Treatment of gastric and duodenal ulcers is carried out on an outpatient basis and in a hospital. The clinic “MOSITALMED” has an inpatient department equipped with comfortable wards, operating rooms and manipulation rooms with everything necessary to provide both planned and emergency medical care.
Causes of gastric ulcer
The appearance of an ulcer defect of the gastric mucosa occurs when exposed to a number of causes, including:
- Helicobacter pylori infection;
- taking non-steroidal anti-inflammatory drugs, antibiotics and glucocorticoids;
- abdominal trauma;
- nerve strain;
- alcohol abuse;
- excessive consumption of coffee;
- smoking;
- unbalanced diet with insufficient content of vitamins and excessive consumption of rough, hot, salty and sweet foods;
- hereditary predisposition
Symptoms of peptic ulcer of the stomach and duodenum
The main symptom of peptic ulcer of the stomach and duodenum is pain.

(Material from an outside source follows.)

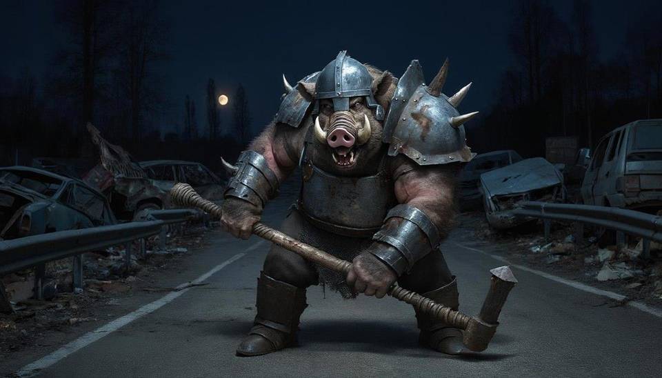 Воспользовавшись моментом, я высадил сплошной очередью все оставшиеся пули буквально в упор, в незащищённое место на пояснице свина. И в этом случае система не смогла повлиять выстрелы своим бесячим разбросом и потому всё попало, куда надо. Вот только много урона это не нанесло.

Duodenal ulcer is characterized by pain on an empty stomach and 2-3 hours after eating in the epigastric region or right hypochondrium. Their intensity decreases after eating and taking antacids and increases at night.
An ulcer in the stomach presents with pain half an hour after eating and is accompanied by heartburn, nausea and vomiting, which brings relief. It is localized in the upper abdomen and intensifies after a heavy meal and physical activity.
Perforation of the ulcer is manifested by acute, unbearable, dagger pain in the projection of the stomach. It can mimic heart disease, leading to misdiagnosis, worsening of the condition and prognosis of the disease. This form of the disease is treated only by surgical intervention by stitching the wound.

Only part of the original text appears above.